RECORDED DATA —
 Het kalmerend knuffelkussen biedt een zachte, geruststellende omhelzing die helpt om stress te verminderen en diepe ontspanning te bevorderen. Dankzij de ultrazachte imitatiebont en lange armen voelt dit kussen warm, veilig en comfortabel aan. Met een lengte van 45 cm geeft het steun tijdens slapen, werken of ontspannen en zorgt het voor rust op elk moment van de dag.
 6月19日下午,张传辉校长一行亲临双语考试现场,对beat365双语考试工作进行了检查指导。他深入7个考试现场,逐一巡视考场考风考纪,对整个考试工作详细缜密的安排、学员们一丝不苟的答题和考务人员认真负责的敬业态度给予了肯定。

* * *

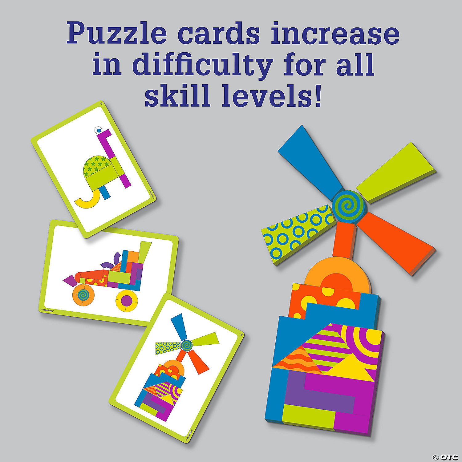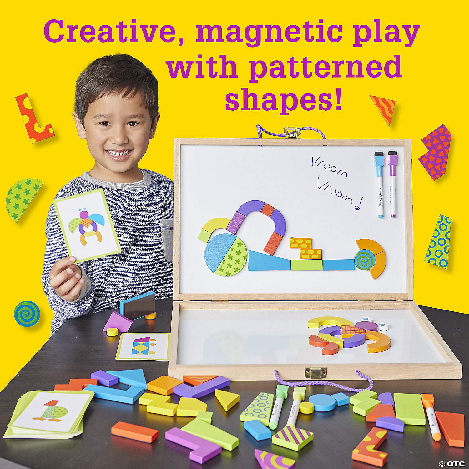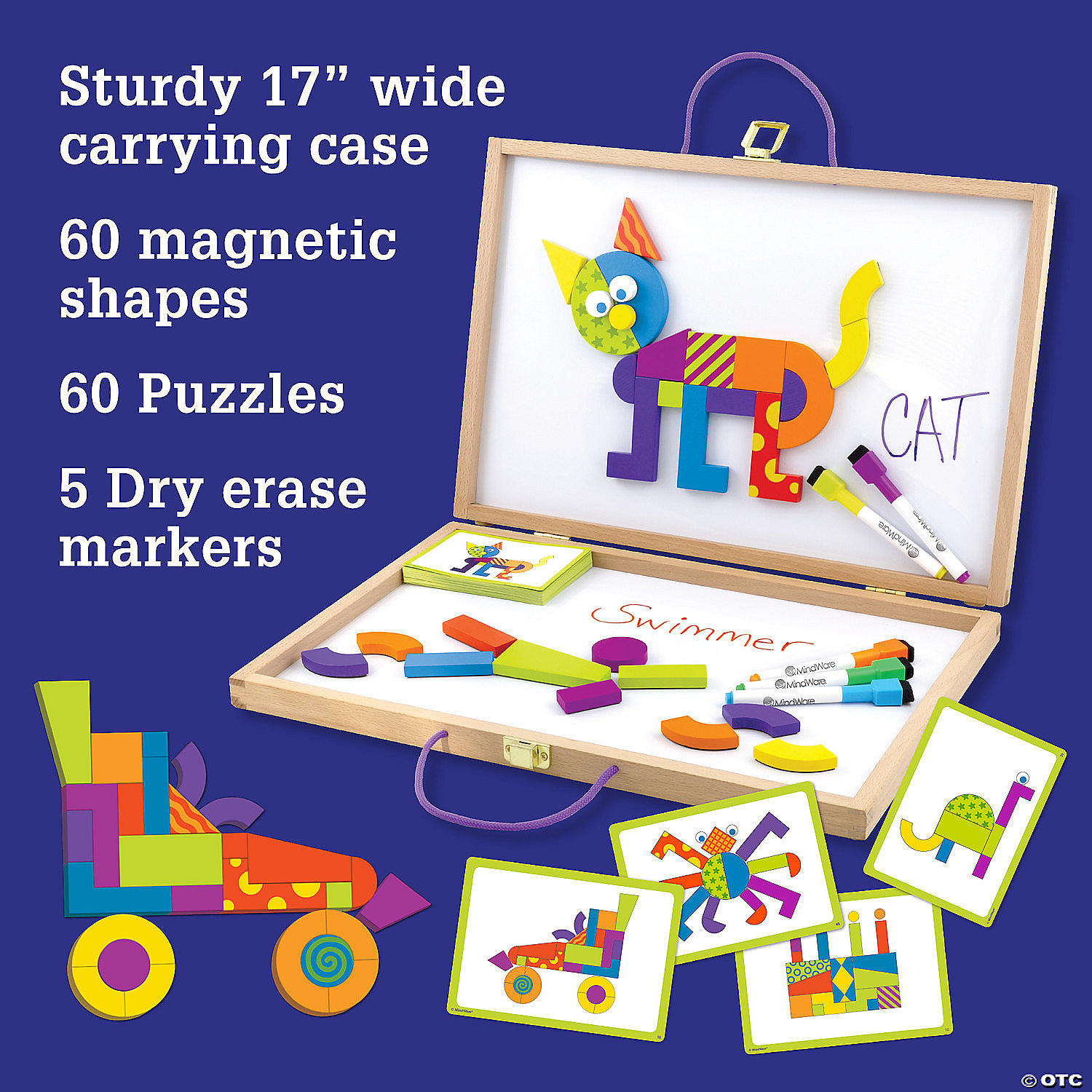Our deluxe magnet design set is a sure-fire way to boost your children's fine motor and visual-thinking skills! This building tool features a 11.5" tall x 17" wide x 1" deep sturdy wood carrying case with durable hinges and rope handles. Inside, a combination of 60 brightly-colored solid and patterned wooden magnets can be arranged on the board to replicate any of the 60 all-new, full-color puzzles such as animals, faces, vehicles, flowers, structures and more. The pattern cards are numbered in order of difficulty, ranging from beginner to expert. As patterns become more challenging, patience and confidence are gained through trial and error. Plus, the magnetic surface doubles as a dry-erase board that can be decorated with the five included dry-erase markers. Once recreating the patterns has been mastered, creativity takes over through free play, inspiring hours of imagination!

ASSIGNMENT —
Copy out precisely the lines from the line with "Het kalmerend knuffelkussen" to the line with "6月19日下午,张传辉校长一" in the material above, including those two lines and omitting all the rest.

EXERCISE RESULT —
 Het kalmerend knuffelkussen biedt een zachte, geruststellende omhelzing die helpt om stress te verminderen en diepe ontspanning te bevorderen. Dankzij de ultrazachte imitatiebont en lange armen voelt dit kussen warm, veilig en comfortabel aan. Met een lengte van 45 cm geeft het steun tijdens slapen, werken of ontspannen en zorgt het voor rust op elk moment van de dag.
 6月19日下午,张传辉校长一行亲临双语考试现场,对beat365双语考试工作进行了检查指导。他深入7个考试现场,逐一巡视考场考风考纪,对整个考试工作详细缜密的安排、学员们一丝不苟的答题和考务人员认真负责的敬业态度给予了肯定。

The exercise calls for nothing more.